NAS ORIGENS DA SOCIEDADE CIVIL
(«ESPAÇO SOCIAL»: PARAÍSO OU ANTAGONISMO?)
O conceito de «sociedade civil», remetido para as profundezas do léxico político ocidental durante o século XX, está a reaparecer no debate sobre a crise da democracia representativa. Esta recuperação de popularidade não deixa de estar ligada, contudo, a um importante deslocamento semântico do sentido «moderno» original do termo, que corresponde à transformação mais geral da vida política contemporânea. (…)
Foi daqui que partiu Karl Marx (e por extensão o marxismo). «A anatomia da sociedade civil deve ser procurada na economia política»[1], escreve ele.
Nas sociedades humanas, com efeito, os indivíduos tecem relações necessárias e independentes da sua vontade (as relações de produção), que correspondem a um determinado nível de desenvolvimento das «forças produtivas materiais», com as quais concordam «formas determinadas da consciência social», bem como relações jurídicas e políticas determinadas.
A sociedade civil, portanto, ─ a esfera da vida económica e social em que todos os homens são desiguais em termos de condição, profissão e educação ─ não se recompõe no Estado; pelo contrário, é ela que lhe dá a sua forma.
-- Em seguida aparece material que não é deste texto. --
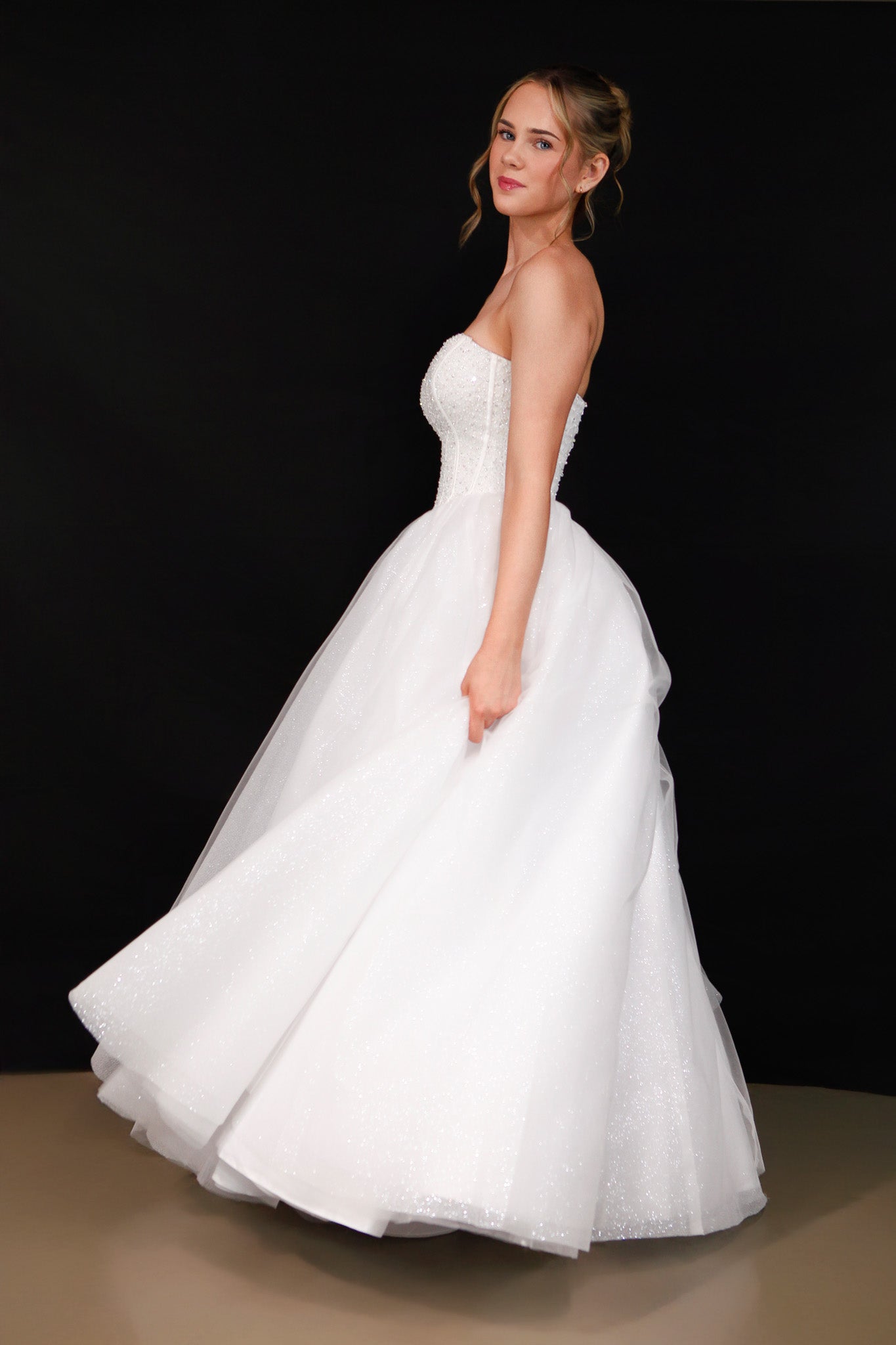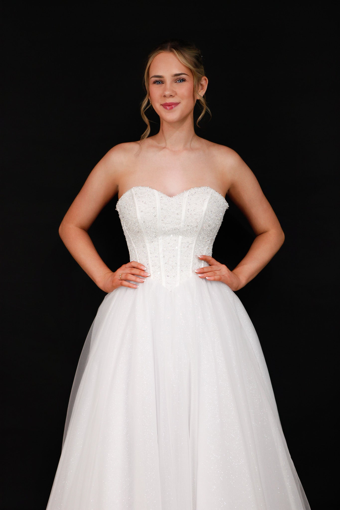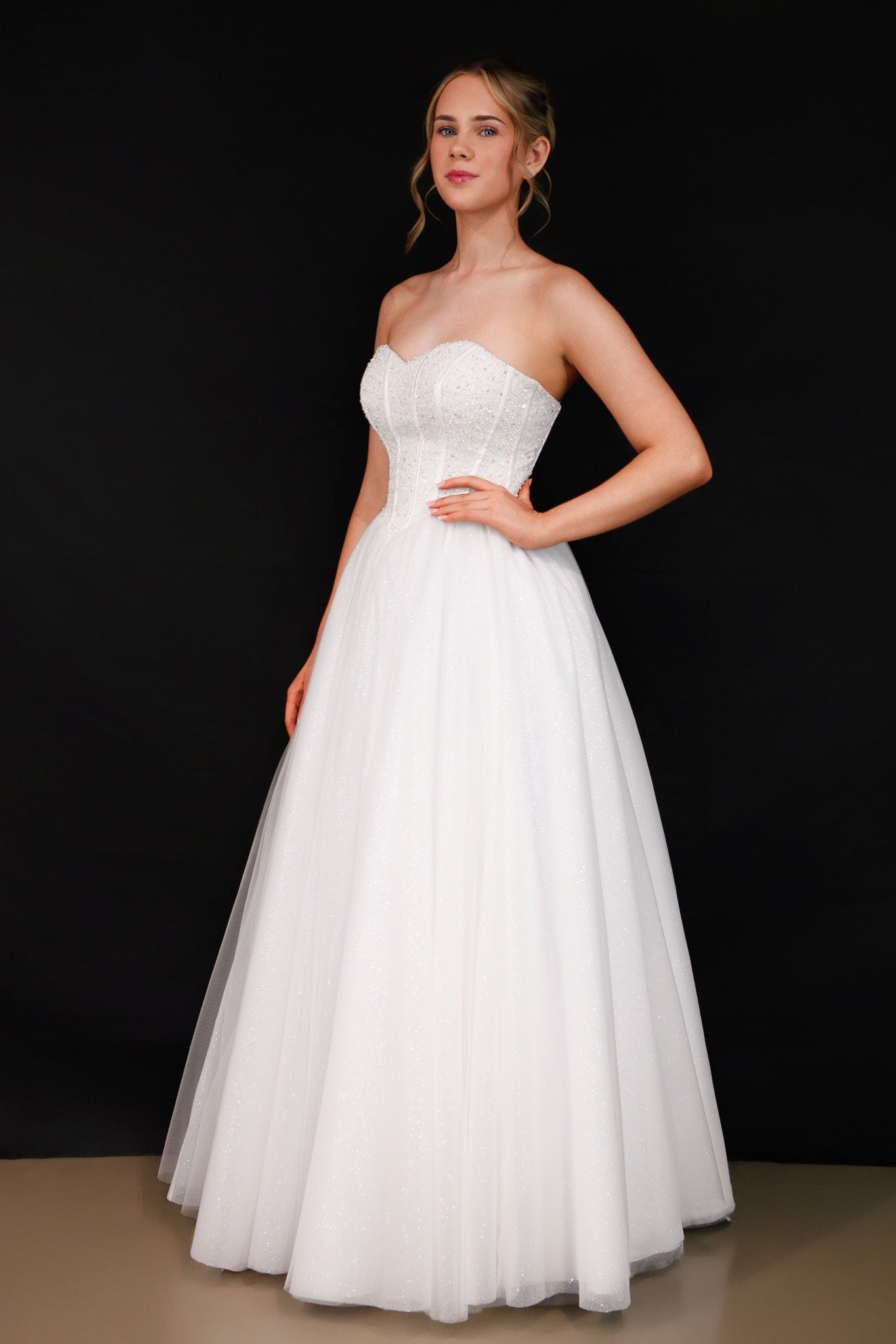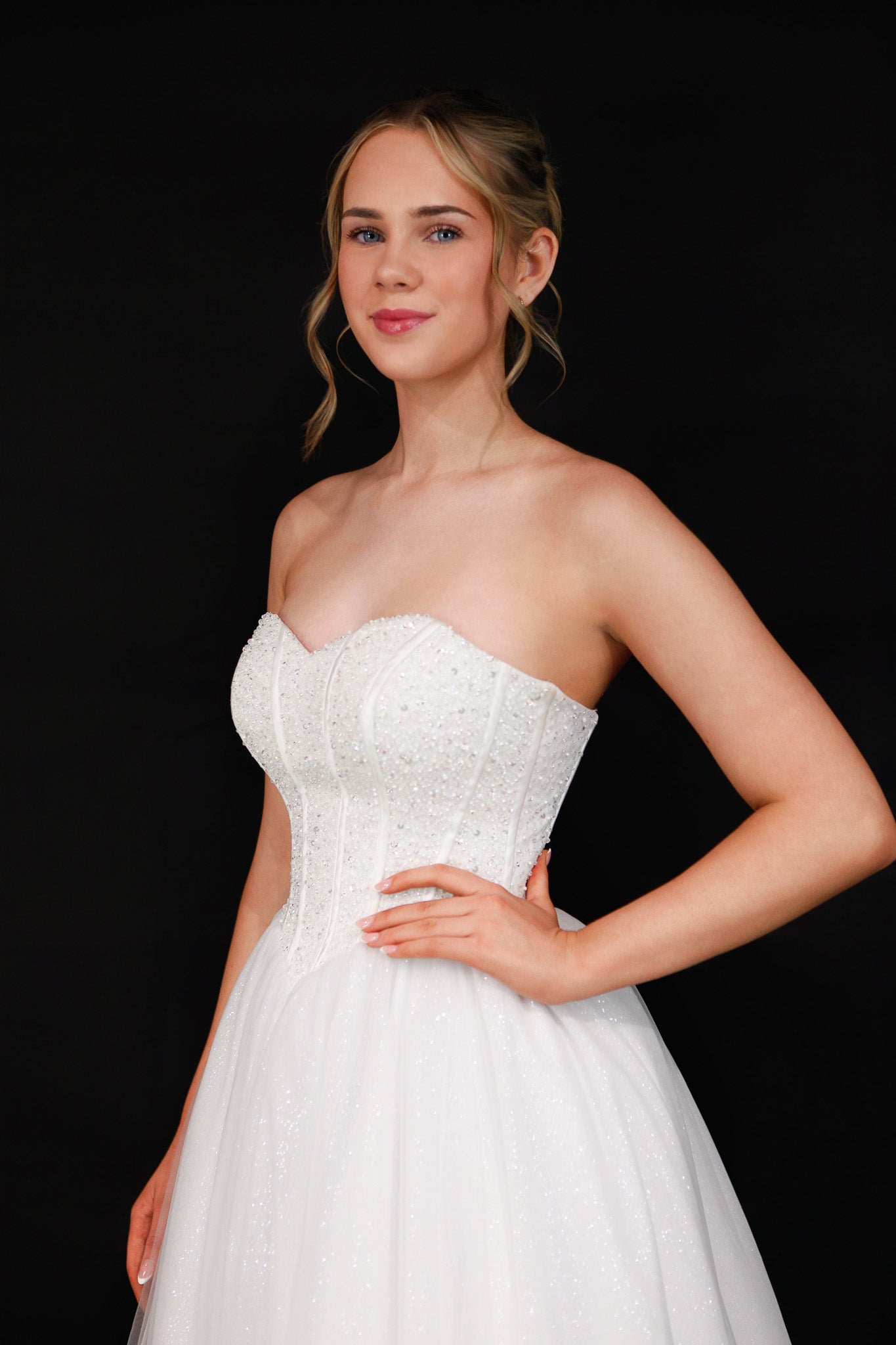 The Opal debutante dress exudes glamour and elegance with its romantic sweetheart neckline and intricately beaded corset bodice. Designed with a flattering V-waistline and crafted from tulle, the sparkle tulle skirt adds graceful movement and shimmer. The corset back ensures a perfect, custom fit. Ideal for debutantes looking to make a dazzling impression at formal events. Its structured bodice offers both support and style, highlighting the waist beautifully. Opal is the perfect blend of timeless charm and radiant sophistication.
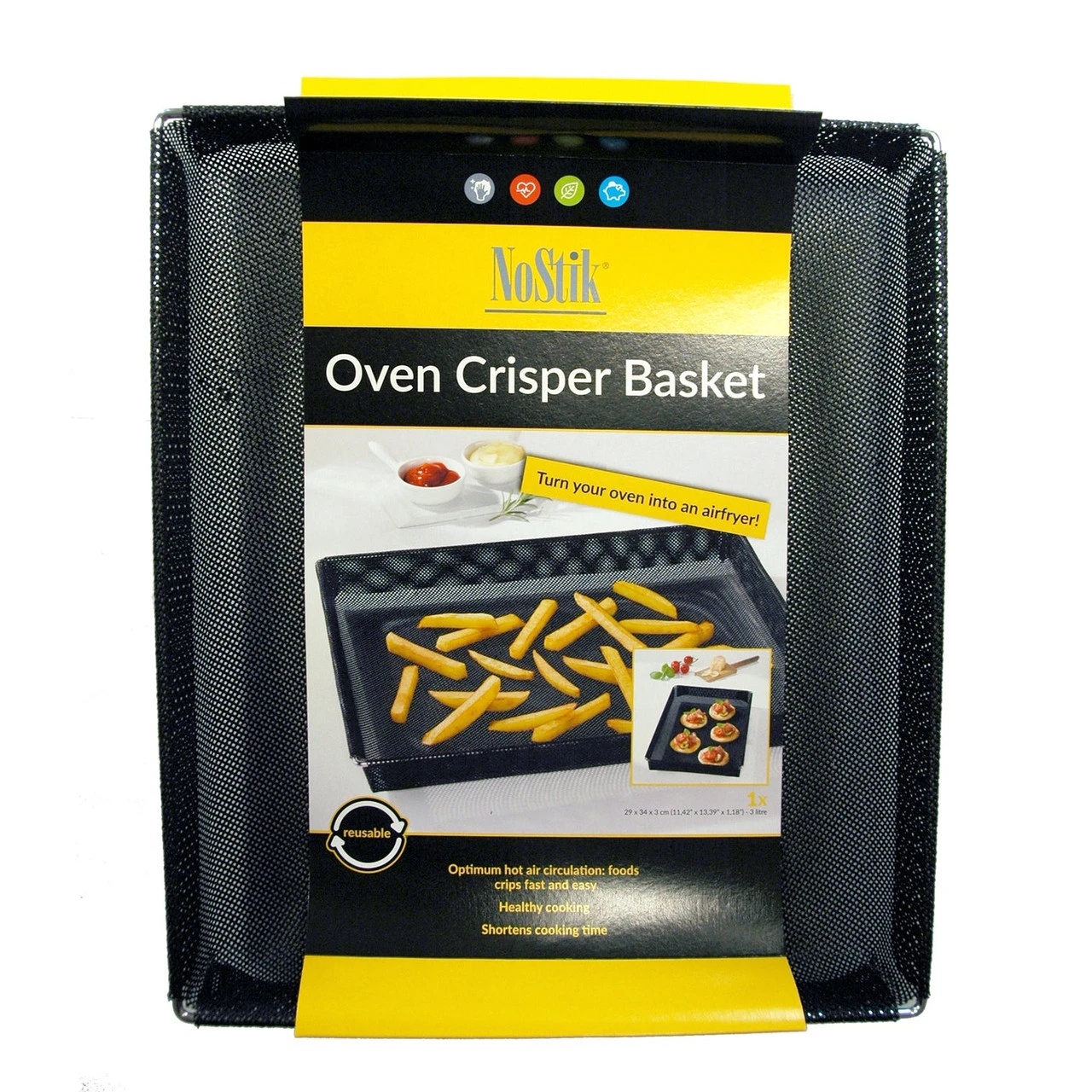 Perfect heat circulation in order to crisp up food / Turn your oven into an airfryer / Wire Reinforced/ Reusable / No oil or butter needed (Healthy living) / Heat resistant up to 260°C / Easy to clean
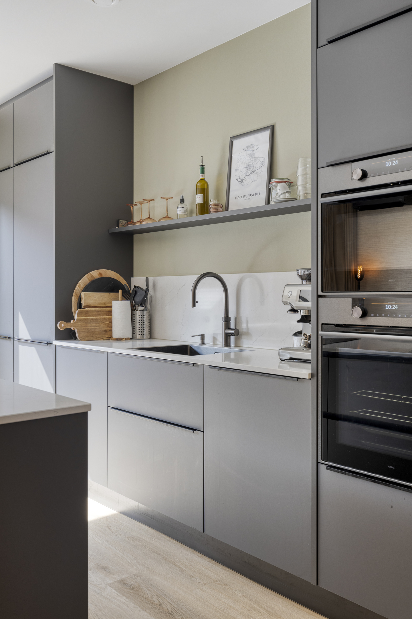 Licht, ruim, luxe en voorzien van alle woongemakken, dat zijn de woorden die deze tussenwoning typeren. De 157m2 zijn zeer praktisch ingedeeld, waardoor alle ruimtes groot zijn en een goede lichtinval hebben. Je komt het huis binnen in de hal met wc, meterkast (met waterontharder) en de trap naar boven met daaronder een diepe bergkast (bereikbaar vanuit de woonkamer). Vanuit de hal is er toegang naar de woonkamer. De woonkamer is samen met de open keuken ruim 10 meter lang, de volledige diepte van de woning.  De geweldige open keuken met eiland beschikt over alle luxe voorzieningen, waaronder: inductiekookplaat met afzuiging, wijn koelkast, quooker, dubbele combi oven, grote koelkast, grote vriezer en vaatwasser.

O que quer dizer também que ela se torna o palco do conflito político, o espaço onde se confrontam as classes sociais e as visões do mundo de que elas são portadoras.
Confrontos políticos
É justamente esta dimensão polémica que parece ter desaparecido na recente renovação do conceito de sociedade civil.
Esta, ter-se-ia tornado outra vez, como nos começos da modernidade, um espaço liso, unitário, sem ser atravessado por qualquer contradição nem diferença, e que pode, por isso, opor-se a uma esfera política institucional distinta e distante.
O mesmo vale para o conceito de «sociedade civil global» de que se apropriaram hoje os grandes organismos internacionais, como o Fundo Monetário Internacional (FMI) ou o Banco Mundial (BM), (…).